Long-distance caregiving for a relative with schizophrenia is more common than it used to be. Families are spread across cities, states, and countries; jobs do not move with parents; one sibling stays close while another lives a flight away. Distance does not have to mean absence. Some of the most effective caregivers we have spoken with do their work entirely by phone — but they have built the systems that let them.
Long-distance caregiving works when you replace the things you would do in person — daily check-in, observation, transportation, paperwork — with reliable local people, technology, and habits.
Map what distance actually changes
Some caregiving tasks travel well across distance: scheduling, paying bills, calling insurance, researching providers, talking to the treatment team. Others do not: noticing a quiet decline in hygiene, smelling alcohol on a breath, seeing a stack of unopened mail. The first job of long-distance caregiving is to map which is which and to find local eyes for the second category.
Build the local team
- A primary local contact — a sibling, a friend, a neighbour, or a paid care manager who can physically check on your relative weekly or as needed.
- A treatment team you can speak with — psychiatrist, therapist, and case manager, with releases on file.
- A pharmacy that knows the situation and can flag missed refills.

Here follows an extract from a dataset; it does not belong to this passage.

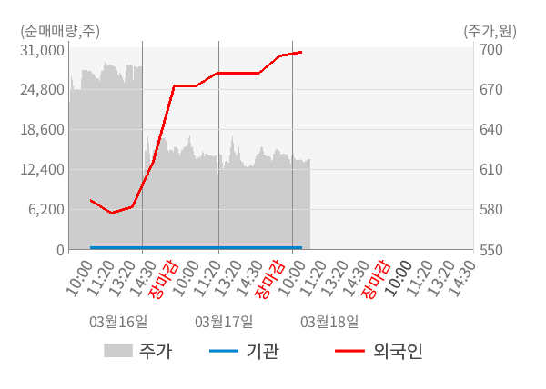 [서울=뉴스핌] 로보뉴스 = 18일 10시 15분 현재 뉴온(123840)은 전일 대비 1.15% (현재가 617원) 상승했고, 외국인이 최근 5일 연속 순매수(누적 49,114주, 잠정) 행진을 하고 있다.
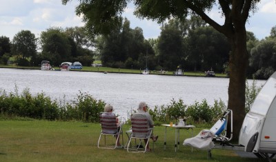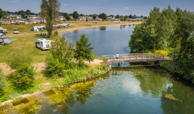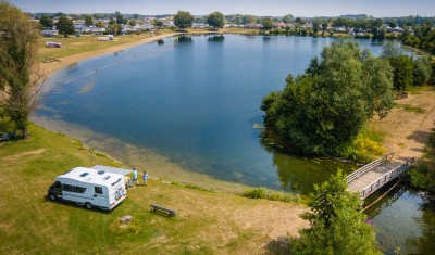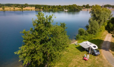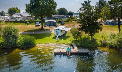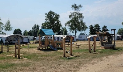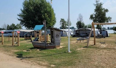 Klicken Sie auf die orangefarbenen „Luftballons“ auf der Karte, um sich einen Eindruck vom Sanitärgebäude, der Gastronomie oder dem Spielplatz oder der Aussicht auf die verschiedenen Campingplätze zu verschaffen.

- An emergency contact list at the relative's home and on their phone, with your name first.
- A backup person for when the primary contact is unavailable.

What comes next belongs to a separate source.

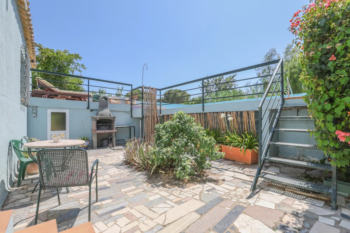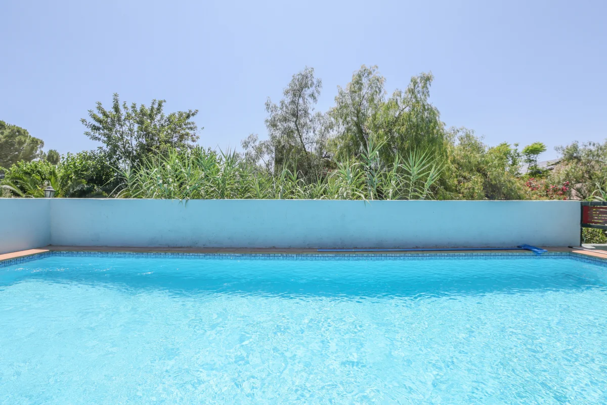 La piscina se encuentra en una zona elevada al jardín con acceso a través de escalera.

If you cannot recruit local family or friends, hire a care manager from the Aging Life Care Association. Hourly rates vary, but a few hours per month is often the highest-leverage spending in long-distance caregiving.
Build the communication rhythm
Most successful long-distance caregivers establish predictable touchpoints rather than reactive ones:
- Daily — a brief text or call, ideally at the same time
- Weekly — a longer call with the relative
- Monthly — a scheduled check-in with the case manager or primary local contact
- Quarterly — an in-person visit if possible, ideally including a treatment-team meeting
- Annually — a review of legal documents, insurance, and the overall plan
Use technology — modestly
Apps and devices can support long-distance caregiving, but they cannot replace people. The most useful tools tend to be the simplest:
- A pill organiser plus a weekly photo your relative sends
- A shared calendar for medical appointments
- A medication-reminder app — see our overview
- A pharmacy that texts when refills are missed
- If welcomed and consented to, a smart speaker with reminders, a video doorbell, or a fall-detection device
Avoid surveillance you have not discussed openly. Long-term care without consent erodes trust and is often counterproductive.
Crisis planning across distance
Decide in advance what each kind of crisis triggers. A simple written plan, shared with the local contact and the treatment team, makes the worst nights navigable. Sample structure:
- Yellow flag (sleep loss, missed dose, increased isolation): call psychiatrist within 24 hours; daily check-ins increase to twice daily.
- Orange flag (returning voices, paranoia, behaviour change): primary local contact visits within 48 hours; treatment team is notified.
- Red flag (acute psychosis, threat of harm, severe self-neglect): mobile crisis team or 911; you book the next flight.
For more on crisis planning, see crisis coping plan template.
Your relative is voicing thoughts of suicide, in acute psychosis, or unable to maintain basic safety, call 988 from anywhere in the US (or the local emergency number) to coordinate with local responders. Mobile crisis teams in their county can often arrive faster than you can.
Visiting
Long-distance visits are different from short check-ins. A few principles:
- Schedule at least one appointment with the treatment team during the visit.
- Walk through the home with your relative — fridge, medicine cabinet, mail pile — without making it feel like an inspection.
- Bring something neutral to do together that is not about the illness — a meal, a walk, a movie.
- Leave with one specific change agreed: a new appointment, a refill, a small home repair.
Caring for yourself across distance
Long-distance caregivers often describe a particular kind of low-grade dread — the phone that might ring, the unread voicemail. The fix is not to ignore it. The fix is to build the systems we describe above so the phone does not have to ring as often, and to have your own therapist or NAMI group to process the feeling when it does. NAMI and the Family Caregiver Alliance both have resources for distant caregivers.
Practical first steps this week
- Identify your primary local contact and confirm they accept the role.
- Set up the daily and weekly communication rhythm.
- Get HIPAA releases signed for the treatment team.
- Write a one-page crisis plan and share it with your local contact and the team.
This article is for educational purposes only and is not medical advice, diagnosis, or treatment. Always consult a qualified mental health professional. If you or someone you know is in crisis, call or text 988 in the US, or your local emergency number.